** Opening Dataset block **

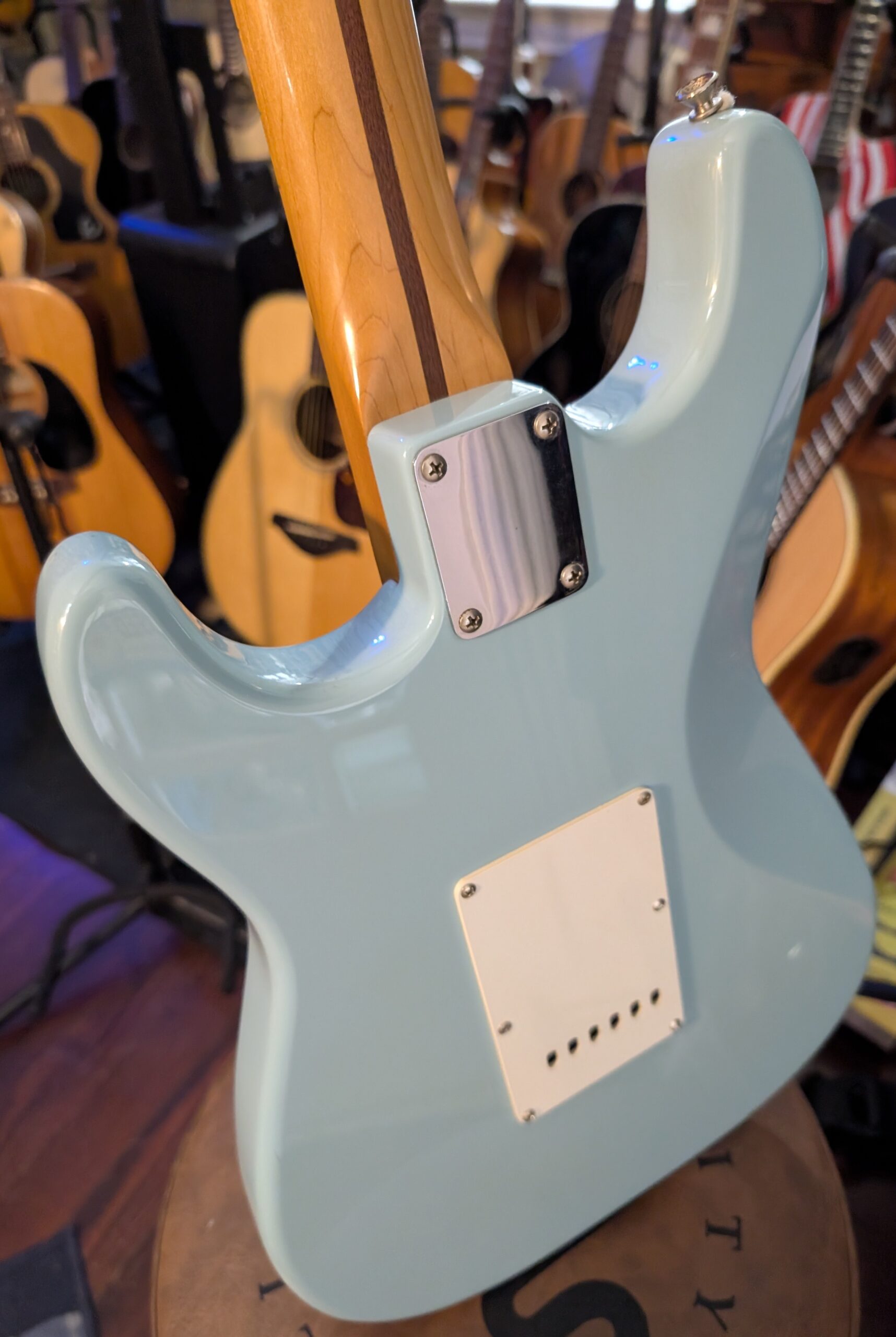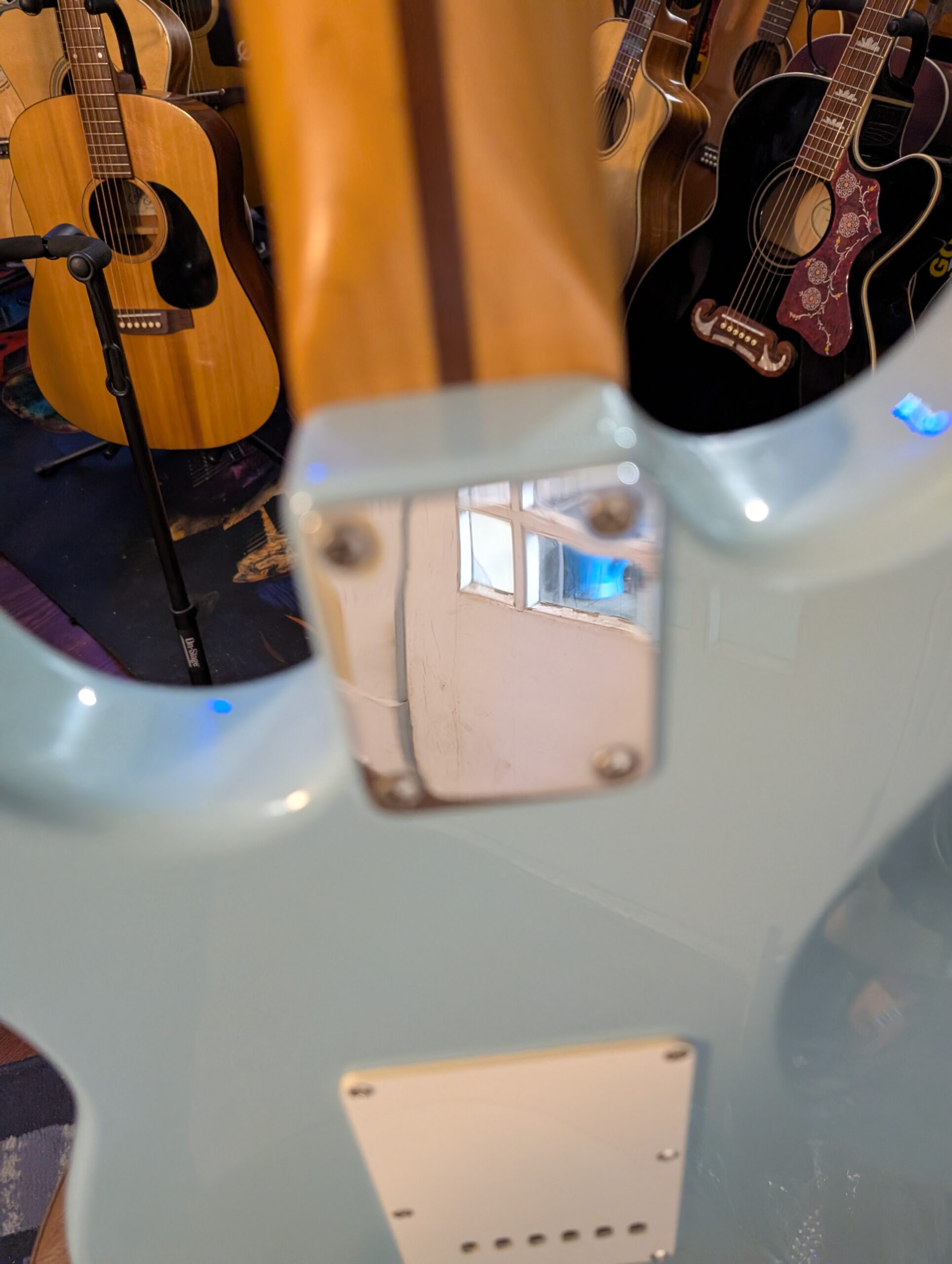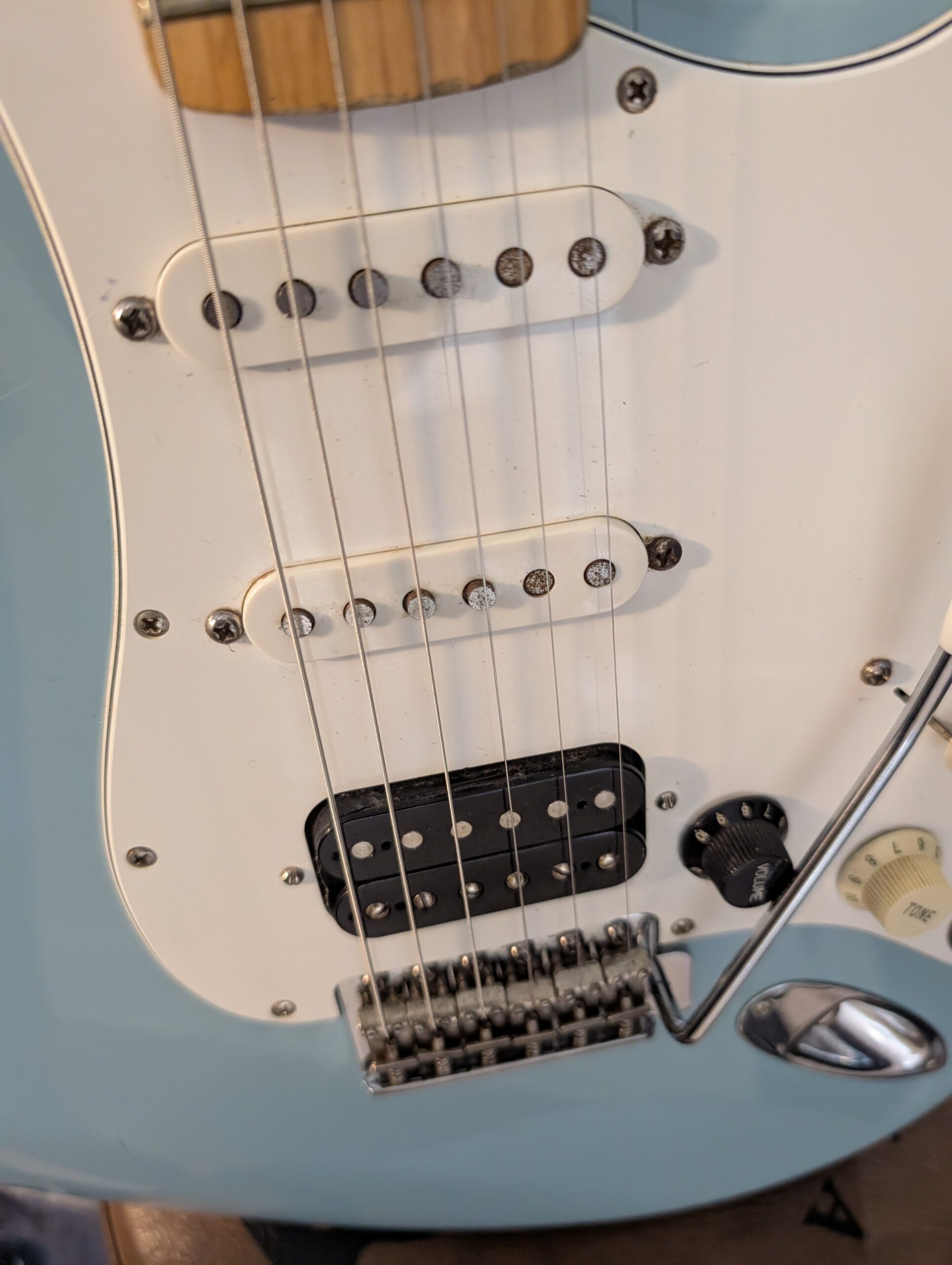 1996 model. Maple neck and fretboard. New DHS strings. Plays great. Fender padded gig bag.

** Closing Dataset block **
** Opening Dataset block **

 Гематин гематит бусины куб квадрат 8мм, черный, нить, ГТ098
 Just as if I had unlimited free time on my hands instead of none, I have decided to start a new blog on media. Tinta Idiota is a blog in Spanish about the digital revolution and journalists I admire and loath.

** Closing Dataset block **

**Exercise brief**: In the records above, the line with "Гематин гематит бусины" marks the start and the line with "Just as if I" marks the end; copy that stretch exactly, both lines included, and nothing else.

**Exercise output**:
 Гематин гематит бусины куб квадрат 8мм, черный, нить, ГТ098
 Just as if I had unlimited free time on my hands instead of none, I have decided to start a new blog on media. Tinta Idiota is a blog in Spanish about the digital revolution and journalists I admire and loath.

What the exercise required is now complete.